Hi Jonathan,
On Tue, 26 Mar 2019, Jonathan Tan wrote:
> When running a command like "git show" or "git diff" in a partial clone,
> batch all missing blobs to be fetched as one request.
>
> This is similar to c0c578b33c ("unpack-trees: batch fetching of missing
> blobs", 2017-12-08), but for another command.
>
> Signed-off-by: Jonathan Tan <[email protected]>
> ---
> Here's an improvement for those having partial clones.
>
> I couldn't find a good place to place the test (a place that checks how
> diff interfaces with the object store would be ideal), so I created a
> new one. Let me know if there's a better place to put it.
My 2c: that's fine.
> diff --git a/diff.c b/diff.c
> index ec5c095199..0e08d05b14 100644
> --- a/diff.c
> +++ b/diff.c
> @@ -25,6 +25,7 @@
> #include "packfile.h"
> #include "parse-options.h"
> #include "help.h"
> +#include "fetch-object.h"
>
> #ifdef NO_FAST_WORKING_DIRECTORY
> #define FAST_WORKING_DIRECTORY 0
> @@ -6067,6 +6068,32 @@ static void diff_flush_patch_all_file_pairs(struct
> diff_options *o)
> if (o->color_moved)
> o->emitted_symbols = &esm;
>
> + if (repository_format_partial_clone) {
> + /*
> + * Prefetch the diff pairs that are about to be flushed.
> + */
> + struct oid_array to_fetch = OID_ARRAY_INIT;
> + int fetch_if_missing_store = fetch_if_missing;
> +
> + fetch_if_missing = 0;
> + for (i = 0; i < q->nr; i++) {
> + struct diff_filepair *p = q->queue[i];
> + if (!check_pair_status(p))
> + continue;
> + if (p->one && p->one->oid_valid &&
> + !has_object_file(&p->one->oid))
> + oid_array_append(&to_fetch, &p->one->oid);
> + if (p->two && p->two->oid_valid &&
> + !has_object_file(&p->two->oid))
> + oid_array_append(&to_fetch, &p->two->oid);
> + }
> + if (to_fetch.nr)
> + fetch_objects(repository_format_partial_clone,
> + to_fetch.oid, to_fetch.nr);
> + fetch_if_missing = fetch_if_missing_store;
I am slightly uneasy about the fact that this is totally *not*
multi-thread safe. If only we had a way to pass the `fetch_if_missing`
information as a parameter to `has_object_file()`...
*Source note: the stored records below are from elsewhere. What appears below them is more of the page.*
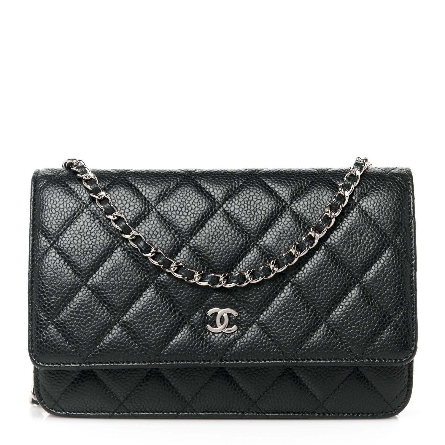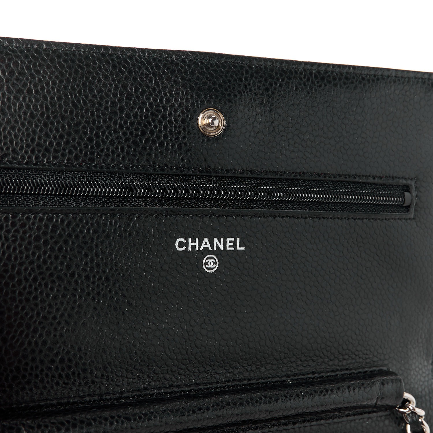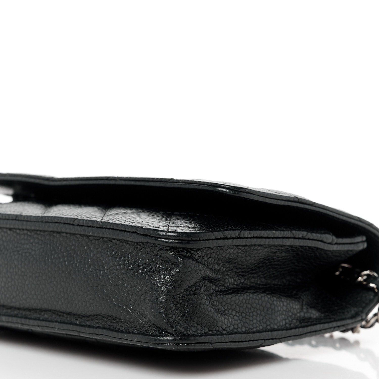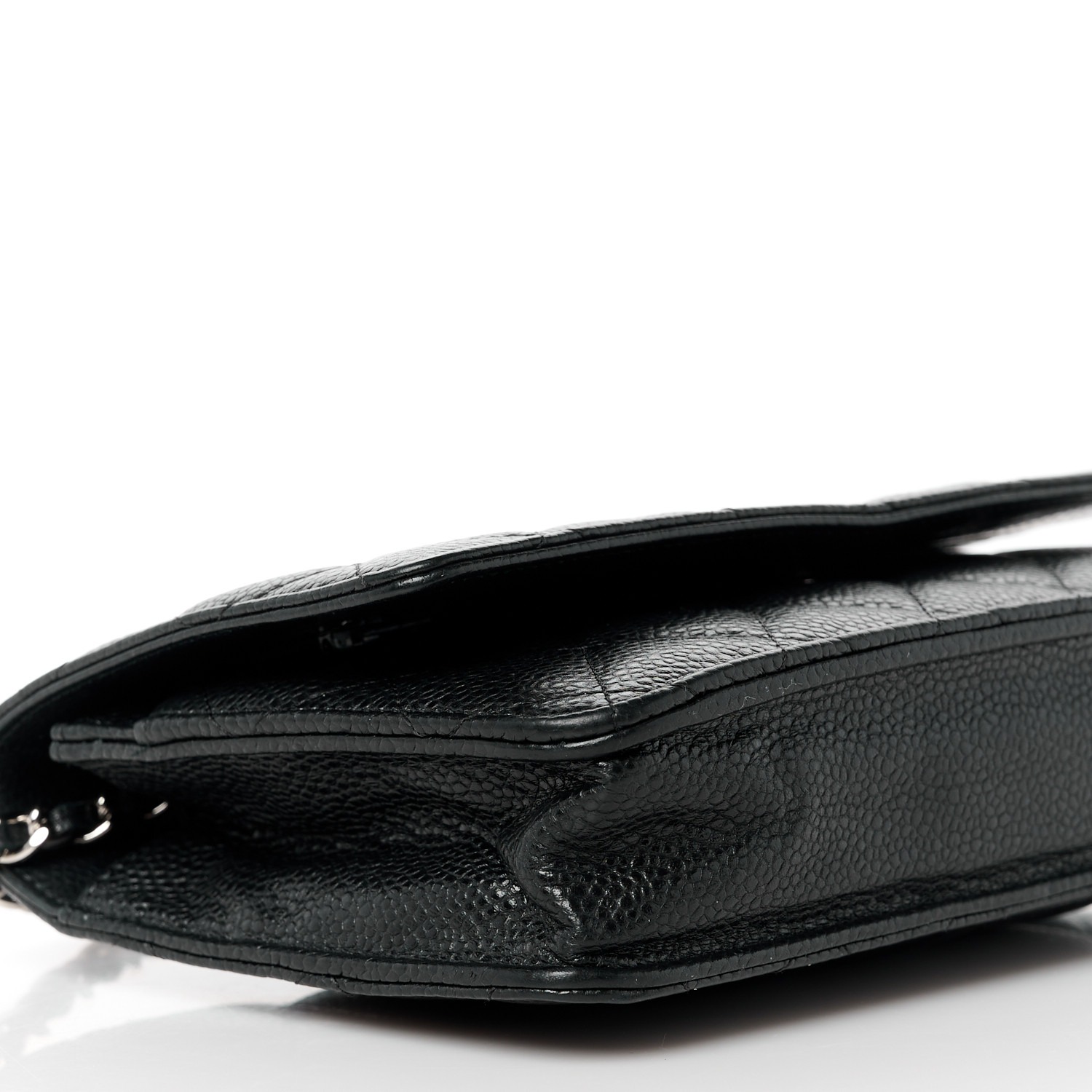 This is an authentic CHANEL Caviar Quilted Wallet on Chain WOC in Black. This stylish wallet is crafted of luxuriously textured diamond quilted caviar leather in black. This shoulder bag features a polished gold chain-link crossbody strap and a Chanel CC logo on the facing flap. The bag opens to a burgundy fabric interior with a zipper compartment, card slots, and a leather patch pocket.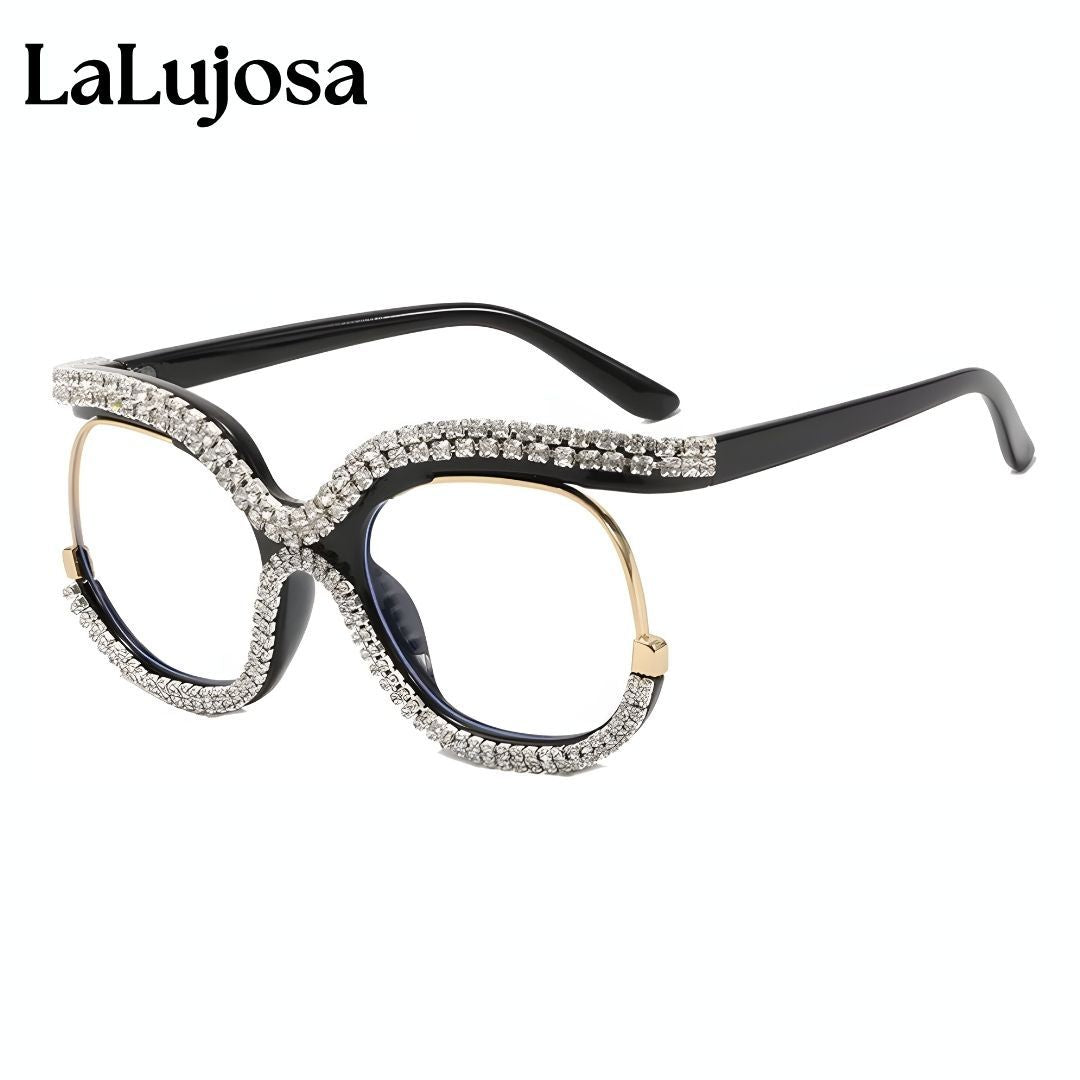 Estilo Único: Gafas cuadradas en negro con brillo para un look elegante y sofisticado.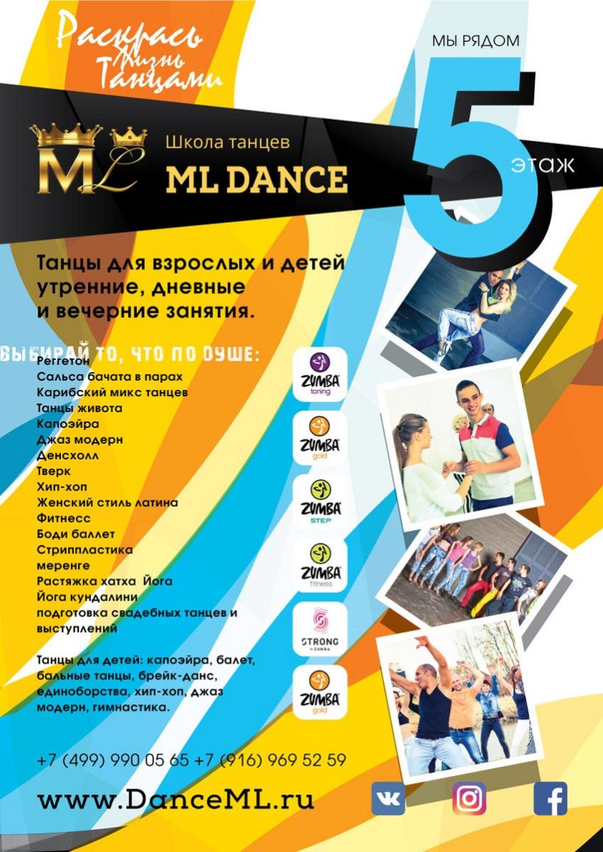 Занятия в школе ML Dance проводятся по различным танцевальным направлениям – аргентинское танго, зумба, сальса, бачата, реггетон, боди балет, меренга, бальные танцы и так далее. Также работают группы по хатха-йоге и йоге кундалини.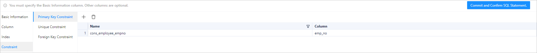 PRIMARY KEY constraint: Defines a primary key to uniquely identify each row of data in the table. A PRIMARY KEY constraint can be a field or a group of fields. You can set only one PRIMARY KEY constraint for a table, and you cannot modify the PRIMARY KEY constraint after you configure the constraint.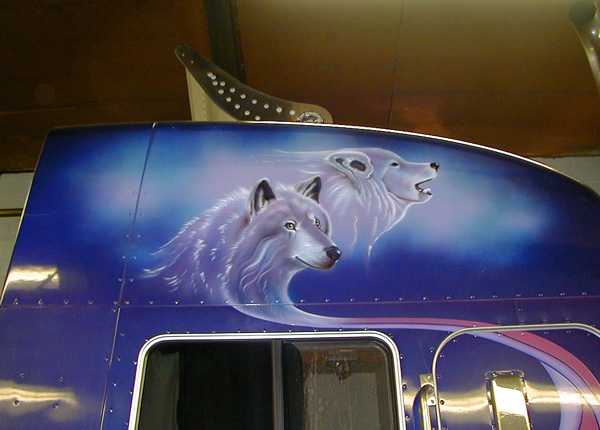 Two beautiful white wolves, painted high on the sides of a high rise double bunk extended hood Pete painted dark blue, have been cruising the highways between Grand Rapids, Michigan and Salt Lake City, Utah for 900,000 miles. But the two wolves are hungry. Having been stuck in the right lane with an underpowered 12.7 liter Detroit with 430 horsepower, these wolves have had to watch the Cats go by in the hammer lane for a long time. It seems there are Cats everywhere, but none for the hungry wolves to eat. The Detroit wolves were forced to breath through dual Vortox stainless air cleaners, and just couldn’t get rid of their exhaust fast enough because of ultra-quiet, choking mufflers. The beautiful wolves had never had the pleasure of hearing the sweet melody of their own free-flowing exhaust.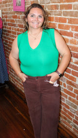 A tank top bodysuit with a v-neckline.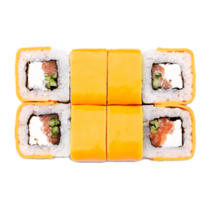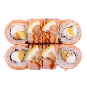 270 гСклад: васабі, горіх кеш'ю, імбир, крем-сир, лимон, лосось, манго, норі, рис, соєвий соус, соус кабаяки, соус унагі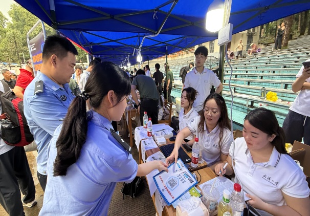荊楚網(湖北日報網)訊(通訊員 方茜)9月1日,武漢大學迎來新生報到高峰。為筑牢校園安全屏障,武昌區(qū)珞珈山街道平安建設辦聯合轄區(qū)派出所、武漢大學保衛(wèi)部,以“青春無毒·反詐同行·安全護航”為主題,在梅園操場、工學部體育館等新生集中區(qū)域開展系列安全宣傳活動,為3000余名新生及家長送上“安全第一課”。

Do you think that would be easy to do? If so, I think now would be as fine
an opportunity as ever to introduce that.
Otherwise the patch looks just fine to me.
Thanks,
Dscho
> + oid_array_clear(&to_fetch);
> + }
> +
> for (i = 0; i < q->nr; i++) {
> struct diff_filepair *p = q->queue[i];
> if (check_pair_status(p))
> diff --git a/t/t4067-diff-partial-clone.sh b/t/t4067-diff-partial-clone.sh
> new file mode 100755
> index 0000000000..38f03be114
> --- /dev/null
> +++ b/t/t4067-diff-partial-clone.sh
> @@ -0,0 +1,76 @@
> +#!/bin/sh
> +
> +test_description='behavior of diff when reading objects in a partial clone'
> +
> +. ./test-lib.sh
> +
> +test_expect_success 'git show batches blobs' '
> + test_create_repo server &&
> + echo a >server/a &&
> + echo b >server/b &&
> + git -C server add a b &&
> + git -C server commit -m x &&
> +
> + test_config -C server uploadpack.allowfilter 1 &&
> + test_config -C server uploadpack.allowanysha1inwant 1 &&
> + git clone --bare --filter=blob:limit=0 "file://$(pwd)/server" client &&
> +
> + # Ensure that there is exactly 1 negotiation by checking that there is
> + # only 1 "done" line sent. ("done" marks the end of negotiation.)
> + GIT_TRACE_PACKET="$(pwd)/trace" git -C client show HEAD &&
> + grep "git> done" trace >done_lines &&
> + test_line_count = 1 done_lines
> +'
> +
> +test_expect_success 'diff batches blobs' '
> + rm -rf server client trace &&
> +
> + test_create_repo server &&
> + echo a >server/a &&
> + echo b >server/b &&
> + git -C server add a b &&
> + git -C server commit -m x &&
> + echo c >server/c &&
> + echo d >server/d &&
> + git -C server add c d &&
> + git -C server commit -m x &&
> +
> + test_config -C server uploadpack.allowfilter 1 &&
> + test_config -C server uploadpack.allowanysha1inwant 1 &&
> + git clone --bare --filter=blob:limit=0 "file://$(pwd)/server" client &&
> +
> + # Ensure that there is exactly 1 negotiation by checking that there is
> + # only 1 "done" line sent. ("done" marks the end of negotiation.)
> + GIT_TRACE_PACKET="$(pwd)/trace" git -C client diff HEAD^ HEAD &&
> + grep "git> done" trace >done_lines &&
> + test_line_count = 1 done_lines
> +'
> +
> +test_expect_success 'diff skips same-OID blobs' '
> + rm -rf server client trace &&
> +
> + test_create_repo server &&
> + echo a >server/a &&
> + echo b >server/b &&
> + git -C server add a b &&
> + git -C server commit -m x &&
> + echo another-a >server/a &&
> + git -C server add a &&
> + git -C server commit -m x &&
> +
> + test_config -C server uploadpack.allowfilter 1 &&
> + test_config -C server uploadpack.allowanysha1inwant 1 &&
> + git clone --bare --filter=blob:limit=0 "file://$(pwd)/server" client &&
> +
> + echo a | git hash-object --stdin >hash-old-a &&
> + echo another-a | git hash-object --stdin >hash-new-a &&
> + echo b | git hash-object --stdin >hash-b &&
> +
> + # Ensure that only a and another-a are fetched.
> + GIT_TRACE_PACKET="$(pwd)/trace" git -C client diff HEAD^ HEAD &&
> + grep "want $(cat hash-old-a)" trace &&
> + grep "want $(cat hash-new-a)" trace &&
> + ! grep "want $(cat hash-b)" trace
> +'
> +
> +test_done
> --
> 2.21.0.155.ge902e9bcae.dirty
>
>